Uma estratégia ampla tem de ser implementada, tanto a nível interno como a nível regional e global. A democracia está sitiada em muitos países. As tendências autoritárias estão ganhando terreno, como evidenciado por muitos relatórios de prestígio, incluindo a Economist Intelligence Unit, o projeto V-DEM, os relatórios da Freedom House e o relatório da International IDEA sobre o estado global da democracia. Precisamos estudar com mais profundidade este novo tipo de autoritarismo que está atualmente em construção, a fim de confrontá-lo de forma mais rápida e eficaz. Precisamos estar conscientes da fragilidade da democracia e dos riscos crescentes que ela enfrenta, bem como dos processos de retrocesso que estão ocorrendo em muitos países ao redor do mundo. Nenhum país é vacinado contra o vírus autoritário. Também é necessário rever e atualizar os mecanismos para a defesa regional da democracia, incluindo os estabelecidos pela Carta Democrática Interamericana, que completa 20 anos em 11 de setembro e se tornou ultrapassada diante do novo tipo de ameaças que a democracia enfrenta hoje. A Idea Internacional tem feito um duplo apelo: por um lado, para defender a democracia durante este período tão turbulento em nossa região, agravado pelo impacto da pandemia, e, por outro lado, para repensá-la a fim de avançar para uma nova geração de democracia, mais resistente e de melhor qualidade, com a capacidade de responder de forma oportuna e eficaz aos novos desafios do século 21.

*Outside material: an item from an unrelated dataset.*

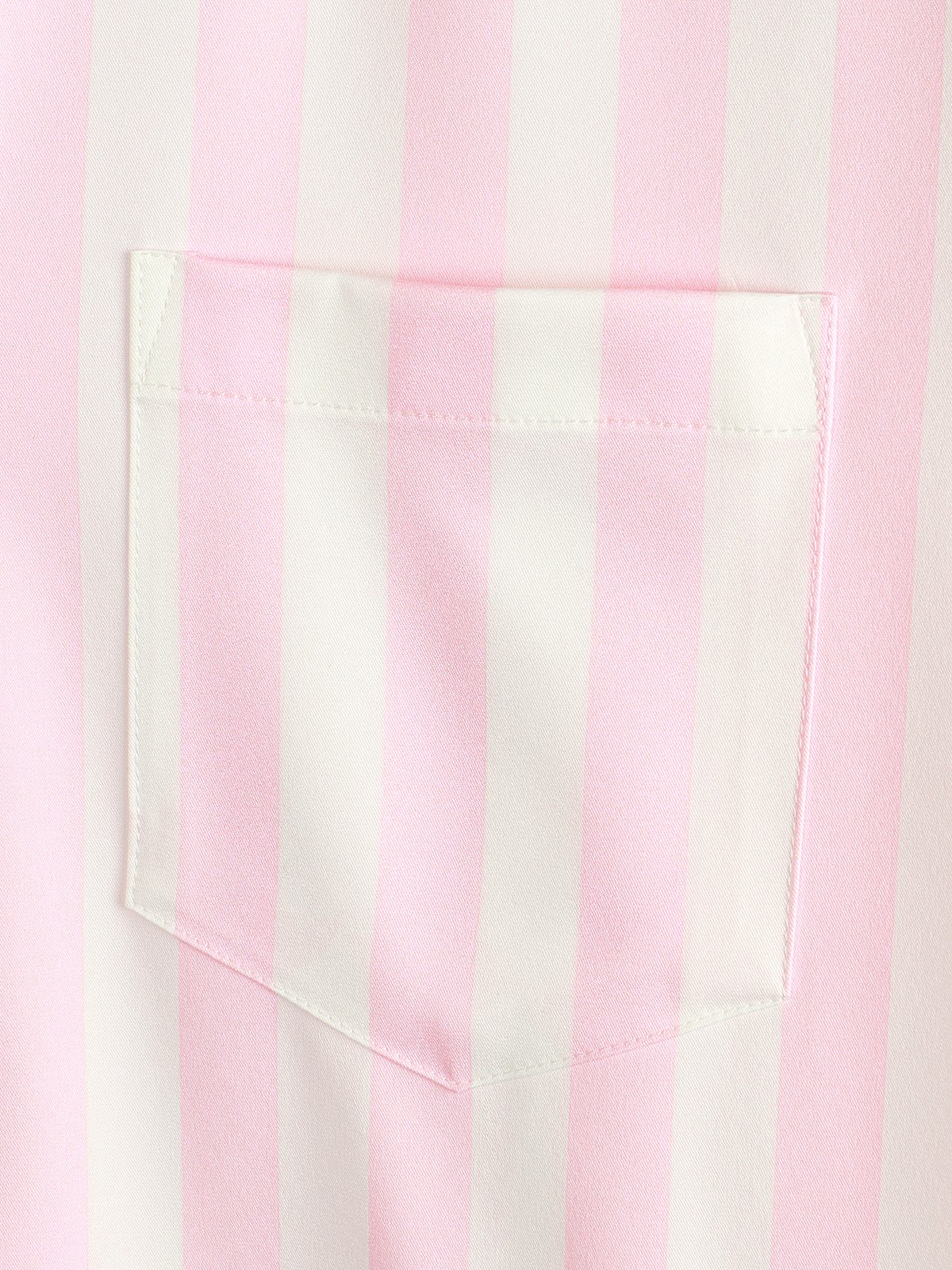 Men's Pink Short Sleeve Striped Pocket Hawaiian Shirt

Qual é o papel da desinformação, e sua ampliação nas redes sociais, na atual crise da democracia?
Novas tecnologias de informação e comunicação estão aqui para ficar e apresentar novos e difíceis desafios para a política, a integridade das eleições e a qualidade da democracia. As redes sociais e sua relação com as eleições, a política e a democracia têm, como o deus Jano, duas faces, Por um lado, essas ferramentas, quando utilizadas adequadamente, têm um efeito positivo no desenvolvimento de processos eleitorais legítimos, melhoram a qualidade da democracia, garantem o pleno exercício da liberdade de expressão, contribuem para um debate público informado e promovem a participação cidadã.

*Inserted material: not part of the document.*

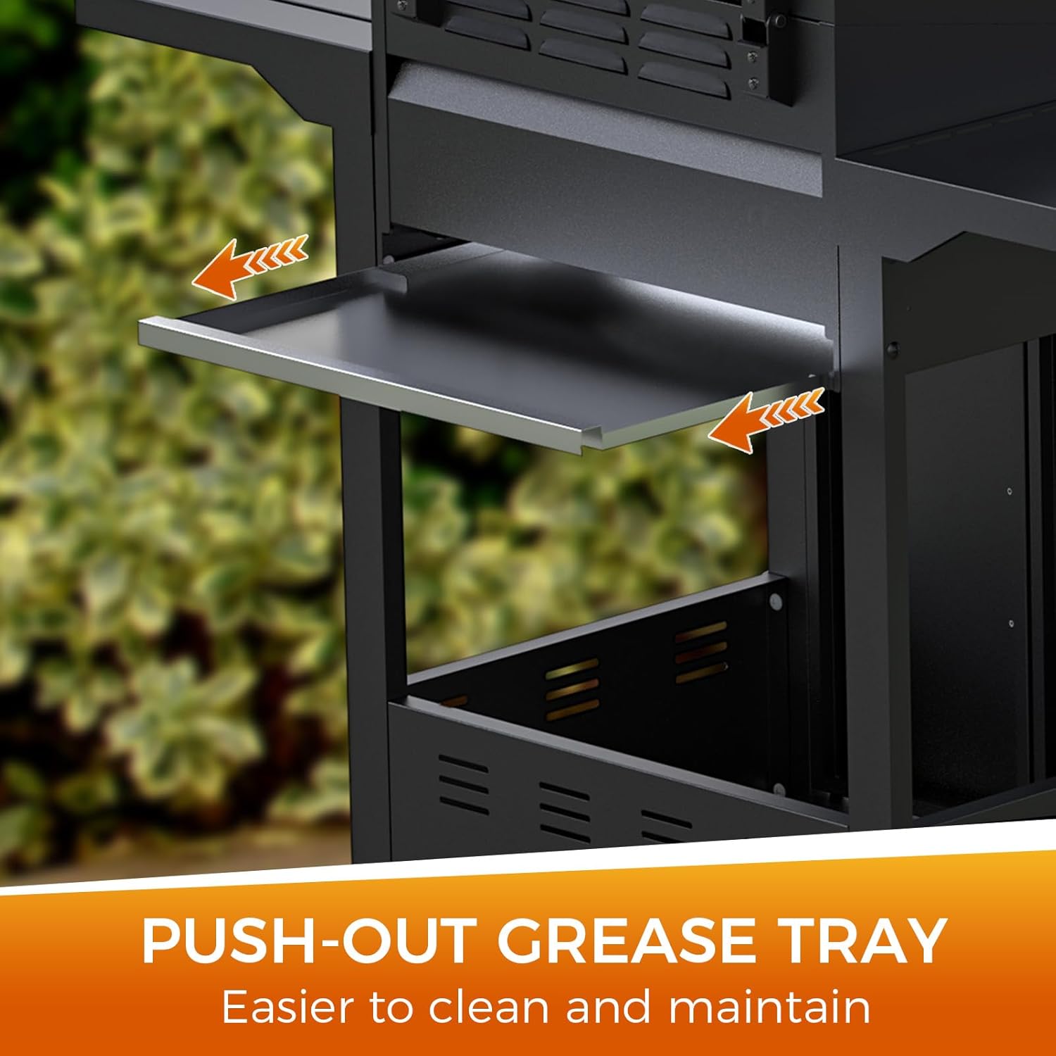 - Easy to Clean: Cleanup is a breeze with 304 stainless steel grate. The pull-out grease tray make it easy to catch and discard drips and splatters. You can enjoy the BBQ without worrying about the mess.

Mas, por outro lado, quando mal utilizadas, elas representam novas e sérias ameaças. As bolhas de filtragem ideológicas e as câmaras de eco geradas pelas redes sociais podem fomentar o ódio, aumentar perigosamente a polarização e facilitar a ação dos movimentos pós-verdade. Também podem contribuir para a viralização de notícias falsas e de campanhas de desinformação, afetando a condução normal das campanhas eleitorais, minando a confiança no processo e nas instituições eleitorais e manipulando o comportamento eleitoral dos cidadãos.

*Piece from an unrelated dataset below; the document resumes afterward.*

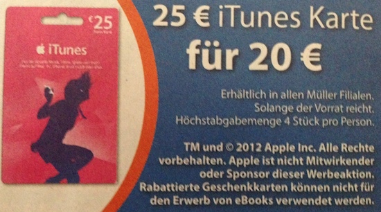 Die neue Woche beginnt wieder einmal mit guten Nachrichten für alle Schnäppchenjäger. Und zwar sowohl in Deutschland, als auch in Österreich: Es gibt wieder vergünstigte iTunes-Geschenkkarten. Dieses Mal sind es die Filialen der Drogeriemarktkette Müller, die die Karten zum Sonderpreis verkaufen. Dort bekommt man in dieser Woche 20% Rabatt auf die iTunes- und AppStore-Karten mit einem aufgedruckten Wert von € 25,-. Aber Achtung: Die Aktion gilt in Deutschland nur bis Samstag, den 01. März 2014 bzw. solange der Vorrat reicht. In Österreich endet die Aktion am Dienstag, den 25. Februar 2014.Die Anzahl der Karten pro Kunde und Einkauf ist auf vier Stück begrenzt. Bei Netto benötigt man einen Coupon aus dem aktuellen Prospekt, mit dem man die € 25,- Karte dort ebenfalls für € 20,- erhält. Hier gilt die Aktion bis Samstag, den 01. März 2014. Man sollte also im Zweifel schnell sein, um noch rechtzeitig zuschlagen zu können. Schließlich haben die Karten ja kein Verfallsdatum. Der aufgedruckte Wert der Karten kann sowohl für Musik, als auch für Fernsehserien, Filme und Einkäufe im Mac- und iOS-AppStore genutzt werden. (mit Dank an Peter, Andreas und Paul!)

Como as plataformas e redes sociais devem responder aos ataques à democracia, sem restringir a liberdade de expressão?
Após o escândalo da Cambridge Analytica, as plataformas adotaram e continuam a adotar uma série de medidas destinadas a combater notícias falsas e desinformação durante os períodos eleitorais, incluindo códigos de conduta para reforçar a transparência e garantir informações confiáveis. Em um número significativo de países, dentro e fora de nossa região, os Legislativos também adotaram novas e melhores regulamentações sobre esta questão para preencher as lacunas legais existentes em muitos países da região.
Por sua vez, numerosos órgãos eleitorais, incluindo o TSE do Brasil, o INE do México e o TE do Panamá, tomaram uma postura proativa diante deste importante fenômeno e implementaram várias medidas e mecanismos, entre eles: desenvolver suas próprias capacidades institucionais e habilidades em assuntos digitais; promover debates on-line; assinar pactos éticos digitais com uma ampla coalizão de atores, como partidos políticos, organizações da sociedade civil e meios de comunicação tradicionais; chegar a acordos de colaboração – formais ou informais – com plataformas digitais; incentivar o uso responsável de redes; implementar mecanismos de verificação de fatos em colaboração com meios de comunicação tradicionais, universidades, grupos de reflexão e organizações da sociedade civil; implementar campanhas de educação digital para os cidadãos e sobre conteúdos educacionais sobre o processo eleitoral; e fomentar a cooperação horizontal entre os órgãos eleitorais e compartilhar boas práticas e lições aprendidas em relação a este fenômeno, tudo com o objetivo de mitigar os excessos e efeitos negativos das redes sociais durante as campanhas eleitorais e, ao mesmo tempo, maximizar seus efeitos positivos, sempre tomando cuidado para que estas medidas não afetem o pleno gozo da liberdade de expressão. Mas a liberdade de expressão não deve e não pode ser mal utilizada ou manipulada para propagar com impunidade notícias falsas ou campanhas de desinformação destinadas a deslegitimar um processo eleitoral ou atacar as instituições ou a própria democracia.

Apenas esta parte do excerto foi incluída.